09 August 2013

proof of life

"reducing art to proof". i was on the treadmill or elliptical or the stairmaster listening to a book when i heard those four words. it struck such a chord that i jotted it down. 

the author, david sedaris, was regaling me {and anyone else who reads his latest collection of essays let's explore diabetes with owls}about his excursions, writing about life rather than living it. he conceded that he is better at the former than the latter. his honesty chaffed me. made me sad for him and then ultimately shined a light on me and my penchant for not so much writing about life, but photographing it.

and i thought, have i reduced art to proof? am i too busy photographing the happenings that i am not living them? 

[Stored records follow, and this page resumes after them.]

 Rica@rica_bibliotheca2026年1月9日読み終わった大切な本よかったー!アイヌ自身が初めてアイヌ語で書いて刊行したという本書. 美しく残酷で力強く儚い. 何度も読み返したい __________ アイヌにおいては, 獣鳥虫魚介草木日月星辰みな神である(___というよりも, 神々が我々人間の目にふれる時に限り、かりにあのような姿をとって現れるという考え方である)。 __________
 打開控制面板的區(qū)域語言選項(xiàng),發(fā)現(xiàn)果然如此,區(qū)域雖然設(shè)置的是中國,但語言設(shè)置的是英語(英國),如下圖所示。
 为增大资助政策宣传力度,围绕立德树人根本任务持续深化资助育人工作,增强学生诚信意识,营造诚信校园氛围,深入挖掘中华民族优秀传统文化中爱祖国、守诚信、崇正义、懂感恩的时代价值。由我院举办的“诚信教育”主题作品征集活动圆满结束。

i remember once a cousin of mine who was chided by her husband for never taking video of their bustling, growing family. this wise cousin closed her eyes and said dreamily, "i am living it once-enjoying it the first go 'round rather than trying to capture it to relive later." i will never forget her words. almost 20 years later, it still sticks in my craw as i hungrily and greedily take more photos of my life and loves than should be allowed. 

and i wonder to myself, "girl friday. are you there?" am i so concerned with forgetting the nuances of my boys that i feel compelled to document their hands, their mannerisms, their habits as mundane and pedestrian as they are. eating a bowl of cereal. writing a note. looking out the window.

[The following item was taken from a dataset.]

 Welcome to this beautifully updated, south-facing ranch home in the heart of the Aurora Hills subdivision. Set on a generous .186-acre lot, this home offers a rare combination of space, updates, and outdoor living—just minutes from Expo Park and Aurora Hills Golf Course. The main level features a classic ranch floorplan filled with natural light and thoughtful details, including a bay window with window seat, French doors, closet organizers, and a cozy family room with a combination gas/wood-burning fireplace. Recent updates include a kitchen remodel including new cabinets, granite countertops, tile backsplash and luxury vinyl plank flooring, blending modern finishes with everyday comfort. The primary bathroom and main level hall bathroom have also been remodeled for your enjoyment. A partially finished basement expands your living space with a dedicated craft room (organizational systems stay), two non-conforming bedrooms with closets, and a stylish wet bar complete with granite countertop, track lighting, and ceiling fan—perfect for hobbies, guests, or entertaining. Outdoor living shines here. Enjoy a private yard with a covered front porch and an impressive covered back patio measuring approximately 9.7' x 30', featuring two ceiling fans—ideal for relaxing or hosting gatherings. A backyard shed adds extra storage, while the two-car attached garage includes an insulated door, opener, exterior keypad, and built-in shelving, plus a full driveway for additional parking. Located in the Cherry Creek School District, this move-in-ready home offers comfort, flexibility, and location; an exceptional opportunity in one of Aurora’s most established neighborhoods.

for anyone who sees my photographic endeavors knows that i lean more to the unplanned, unposed snaps that embody the person more than a "give us a smile" variety. i want to capture their essence, but in so doing am i spending more time capturing than living in it?

this is not a rhetorical pondering. i am trying to get to the bottom of this. 

yesterday our basement flooded. we had inches of standing water. the only thing i could think about was all the photographs down there. so with the help of the 12 year old, whose school was canceled, we heaved up boxes and boxes of filmed reminders of happy faces and inconsequential moments that are documented with such care and love that if ever i was going to claim an earthly treasure, it would be the papers found in those bins. years and years of archived evidence of living a life. proof that i lived and noticed and loved.

perhaps i have reduced art to proof. photographing the museum masterpiece rather than just sitting before it, engulfed with its beauty. but if i don't photograph it, where is the proof that i was ever there? i guess in a way that is why i write and snap shots. so someday, if they ever feel so inclined, my boys will read and see-and know on which side i fell.